O estopim foi aceso em 1º de junho, quando a Strategy (antiga MicroStrategy) protocolou um documento 8-K na SEC revelando que havia vendido 32 BTC entre 26 e 31 de maio a um preço médio de US$ 77.135, arrecadando cerca de US$ 2,5 milhões para cobrir pagamentos de dividendos de ações preferenciais .
A venda foi microscópica — apenas 0,0038% do tesouro de 843.706 BTC da empresa . Analistas foram rápidos em apontar que não se tratava de uma mudança estratégica, mas sim de uma manobra rotineira de gestão de tesouraria . No entanto, o mercado reagiu ao simbolismo, não ao tamanho. Por quatro anos, o chairman executivo Michael Saylor havia se comprometido publicamente que a Strategy 'nunca venderia' seus Bitcoins. Quebrar esse princípio — mesmo que por uma quantia irrisória — destruiu uma narrativa central que sustentava o sentimento otimista no mercado cripto .
Minutos após a divulgação, o Bitcoin caiu abaixo de US$ 72.000, desencadeando mais de US$ 90 milhões em liquidações de futuros de BTC . No dia seguinte, o BTC já era negociado por volta de US$ 67.700 .
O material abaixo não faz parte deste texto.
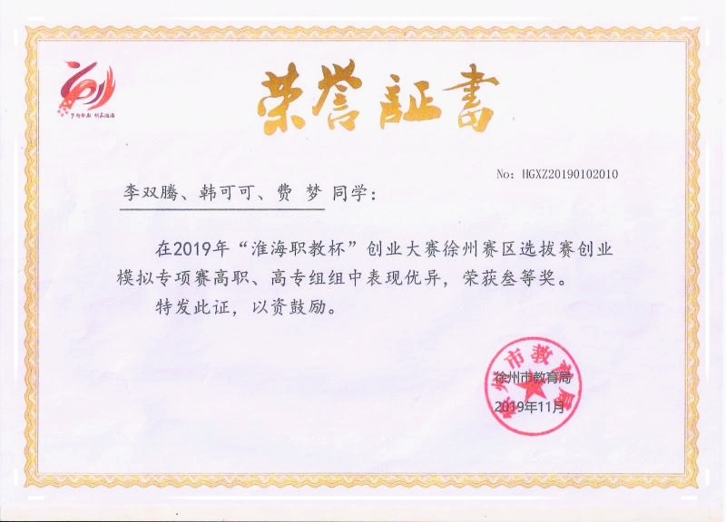 10月31日至11月1日,2019年“淮海职教杯”创业大赛徐州赛区选拔赛在徐州工业职业技术学院举行,来自全市23所学校的80个项目参加比赛,本次大赛以“梦起职教、创赢淮海”为主题,涵盖科技创新类、文化创意类、社会服务业类等各方面,设立创业模拟专项赛、创业实践挑战赛两类项目,有中职组、高职高专组、毕业生组、在校生组4个组别。我系学生李双腾、韩可可、费梦获得创业模拟专项赛高职、高专组三等奖。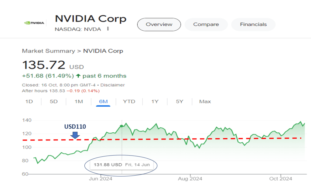 On 14 June 24, I started building up my BULL CALL Spread positions when Nvidia was trading around USD130+. I chose the USD110/108 strike prices to give myself a safety margin, just in case Nvidia drops below USD130.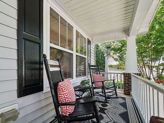 This immaculate two-story residence, nestled on a serene cul-de-sac lot, invites you to a charming rocking chair front porch entry. Step inside to an open floor plan with fresh interior paint, beautiful millwork, and stylish features throughout. The Family Room boasts a wood-burning fireplace and is open to the white cabinet Kitchen featuring Granite counters, SS appliances, and deck access for effortless entertaining. Upstairs you'll find Bamboo flooring, a Primary Suite with a beautifully updated en-suite bath, and two additional bedrooms with generous closets that share a Jack & Jill bath. Outside, a new deck awaits in the private tree lined fenced backyard. Additional standout features include a 2-car Garage with epoxy flooring and built-in shelving for all your storage needs. Newer HVAC & Roof, community pool/playground, spectacular location, and so much more!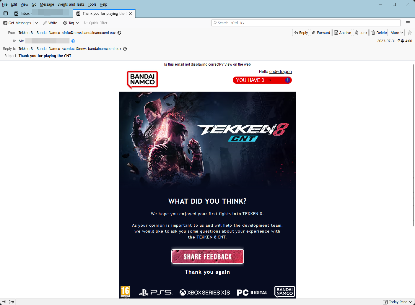 - 철권 8 CNT 참여 확정 메일 확인하기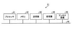 図4は、本発明にかかる基地局11のハードウェア構成の一例を示す図である。基地局11は、例えば、図4に示したプロセッサ41、メモリ42、送信器43、受信器44およびアンテナ装置45により実現される。プロセッサ41は、CPU(Central  Processing  Unit、中央処理装置、処理装置、演算装置、マイクロプロセッサ、マイクロコンピュータ、プロセッサ、DSP(Digital  Signal  Processor)ともいう)、システムLSI(Large  Scale  Integration)などである。メモリ42は、RAM(Random  Access  Memory)、ROM(Read  Only  Memory)、フラッシュメモリー、EPROM(Erasable  Programmable  Read−Only  Memory)、EEPROM(登録商標)(Electrically  Erasable  Programmable  Read−Only  Memory)などの、不揮発性または揮発性の半導体メモリ、磁気ディスク、フレキシブルディスク、光ディスク、コンパクトディスク、ミニディスク、DVD(Digital  Versatile  Disc)などである。  FIG. 4 is a diagram showing an example of a hardware configuration of the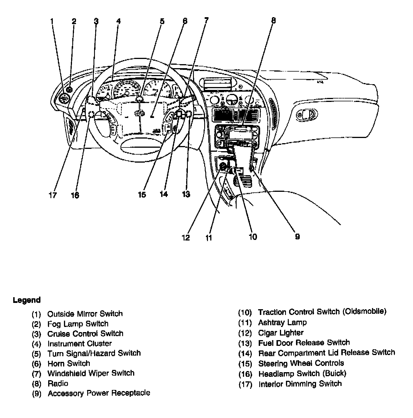 Passenger Compartment, Front Of The Instrument Panel (IP) (Oldsmobile Shown, Buick Similar):

O choque inicial inflamou um brutal evento de desalavancagem. Entre 2 e 3 de junho, as liquidações totais de criptomoedas dispararam para algo entre US$ 1,23 bilhão e US$ 1,86 bilhão, com as posições compradas (long), esmagadoramente majoritárias, representando quase 90% do estouro .
De acordo com dados da CoinGlass, só as liquidações específicas de Bitcoin chegaram a US$ 626 milhões a US$ 896 milhões . Em 2 de junho, uma única janela de 24 horas viu US$ 1,23 bilhão em liquidações totais, com US$ 1,08 bilhão vindo de posições compradas — confirmando que o mercado estava punindo o otimismo excessivamente alavancado, em vez de recompensar os vendedores a descoberto . À medida que as vendas forçadas aceleravam a queda do preço, o BTC perdeu quase US$ 7.000 nos primeiros dois dias de junho, afundando para uma mínima intradiária de US$ 66.346 .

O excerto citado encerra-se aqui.